Prior to bringing a claim under this Arbitration Agreement, the Claimant shall give the other party or parties written notice of the Arbitration Claim (a “Claim Notice”) and a reasonable opportunity, not less than 30 days, to resolve the Arbitration Claim. Any Claim Notice to the Giants/Venue shall be sent by mail to San Francisco Giants, Attn: Legal Department, Re: Ticket Claim Notice, 24 Willie Mays Plaza, San Francisco, CA 94010. Any Claim Notice must (a) identify the Claimant by name, address, email address, and telephone number; (b) explain the nature of the Arbitration Claim and the relief demanded; and (c) be submitted only on behalf of the Claimant, and not on behalf of any other party. The Claimant must reasonably cooperate in providing any information about the Arbitration Claim that the other party reasonably requests and must give the other party a reasonable opportunity to respond to the demand for relief.

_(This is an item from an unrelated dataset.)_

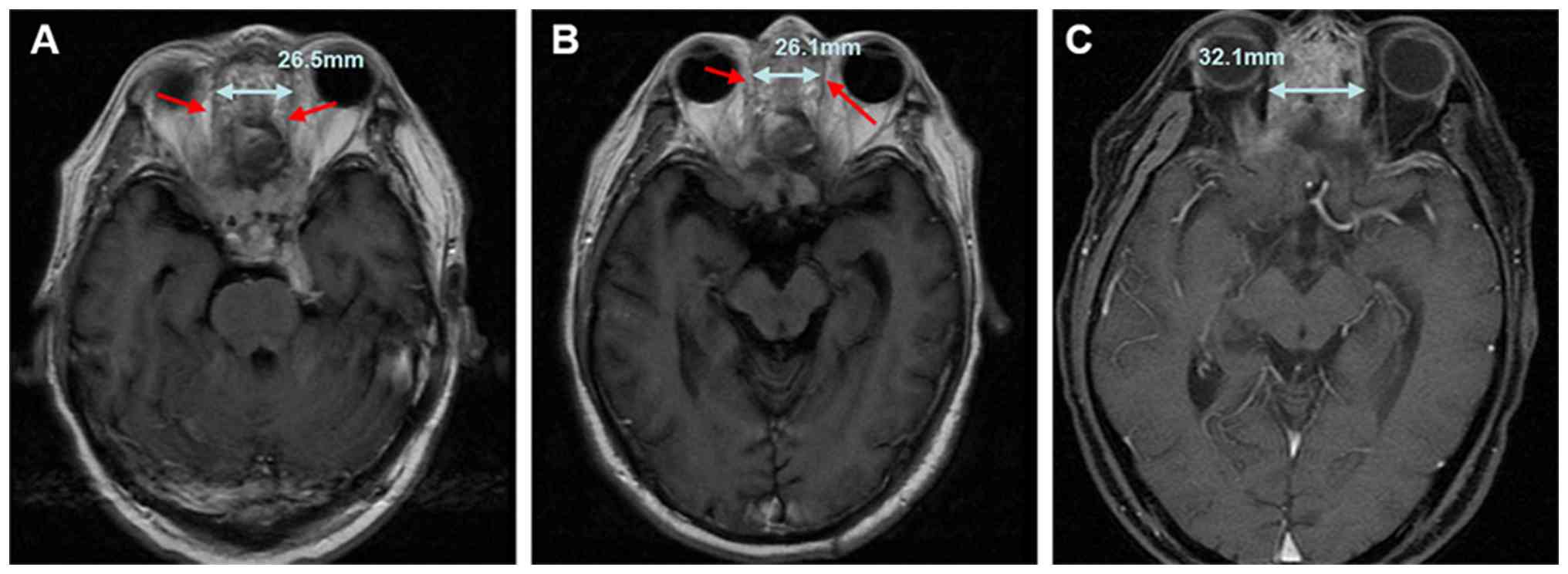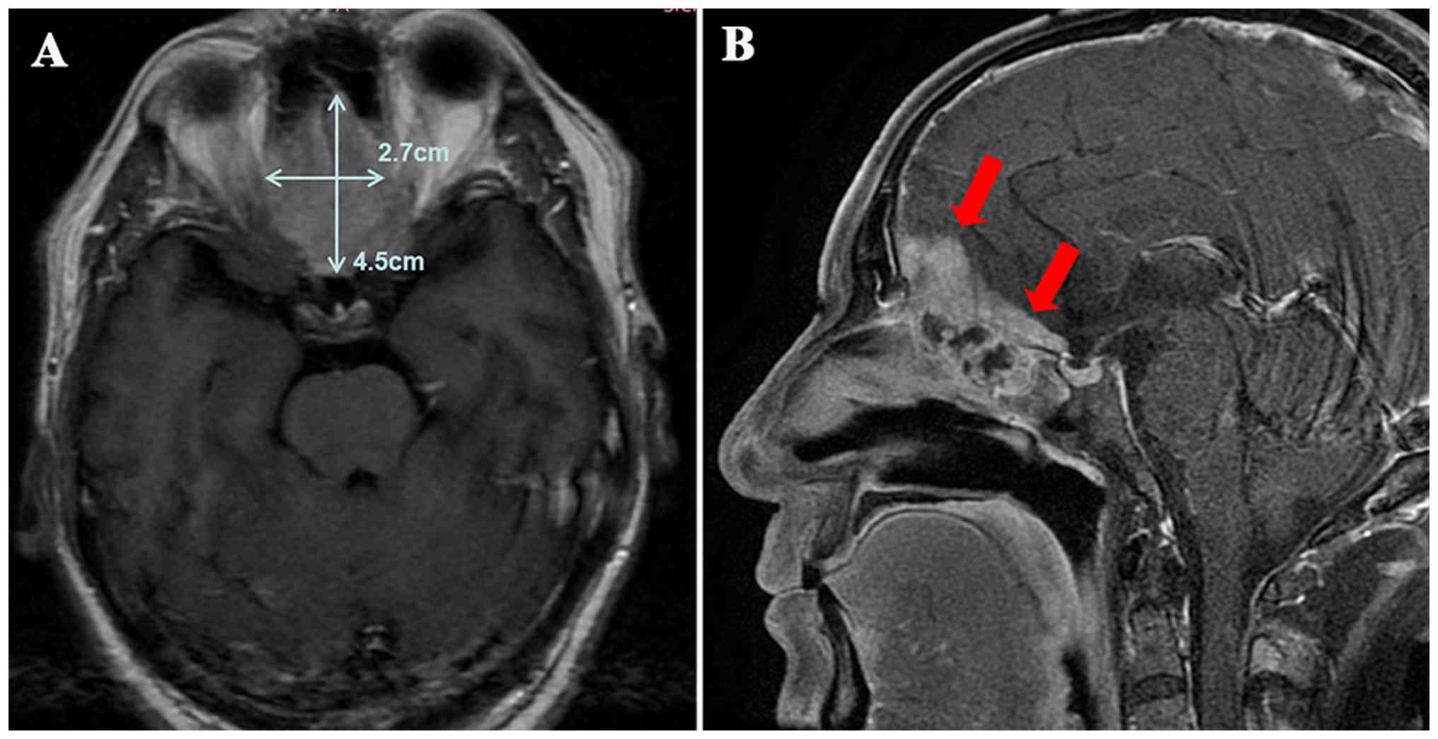 First, inadequate post-operative radiotherapy dosage is likely a key factor contributing to early local recurrence. Non-‘R0’ resection represents a high-risk factor for the early post-operative recurrence of ITAC (24). In the present case, the tumor was located in the ethmoid sinus and had extended to the skull and orbit, adjacent to the optic nerve and other vital structures. The anatomical complexity of this region rendered a complete ‘R0’ resection challenging, which may have contributed to the early post-operative recurrence of the patient. In an observational study, Abu-Shama et al (25) analyzed the surgical data of 13 patients with localized recurrence and found that difficulty was experienced in dissecting the cribriform plate or the lateral lamina during surgery in 11 of these patients.
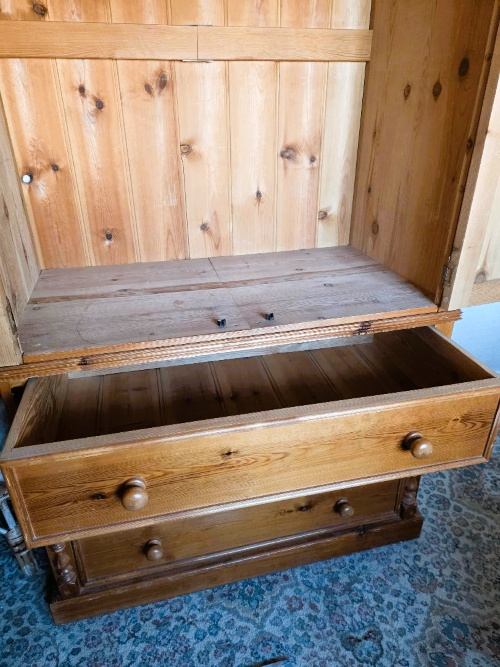 Tallboy Wardrobe 3 Sections Combie Storage – Wood Pine

“MLB Entities” are: (i) the Giants, (ii) the Venue, (iii) BOC and its related entities, (iv) Major League Baseball Properties, Inc. and its related entities, (v) MLB Advanced Media, L.P. and its related entities, (vi) The MLB Network, LLC, (vii) each of the Major League Baseball Clubs (each, a “Club”), and (viii) each of their respective past, present and future subsidiaries, affiliates, agents, officers, employees and owners.

“Released Parties” are: (i) the MLB Entities, (ii) the MLB Entities’ respective past, present and future licensees, sponsors, and vendors, and all of their successors and assigns, (iii) all other Major League Baseball related entities, (iv) Oracle Park and each and every owner and operator thereof, (v) any local or state governmental body associated with the Oracle Park, (vi) the ticket vendor and/or provider, and (vii) all past, present and future affiliates, successors, assigns, players, managers, coaches, employees, partners, members, directors, officers, owners, agents, representatives and independent contractors of such entities.

24. Provisions Severable. The provisions of these Terms and Conditions are severable, and if any one or more of these provisions is held to be invalid or unenforceable, in whole or in part, the remaining provisions and any partially enforceable provisions will be and remain binding and enforceable.

25. Entire Agreement. These Terms and Conditions constitute the final expression of the understanding and agreement between you and the Giants with respect to the subject matter hereof and a complete and exclusive statement of the terms thereof. Accordingly, these Terms and Conditions supersede all prior and contemporaneous negotiations, understandings, and agreements between you and the Giants with respect to the subject matter hereof. You acknowledge and agree that the Giants have not made any representations or promises in connection with these Terms and Conditions or the subject matter hereof not contained herein.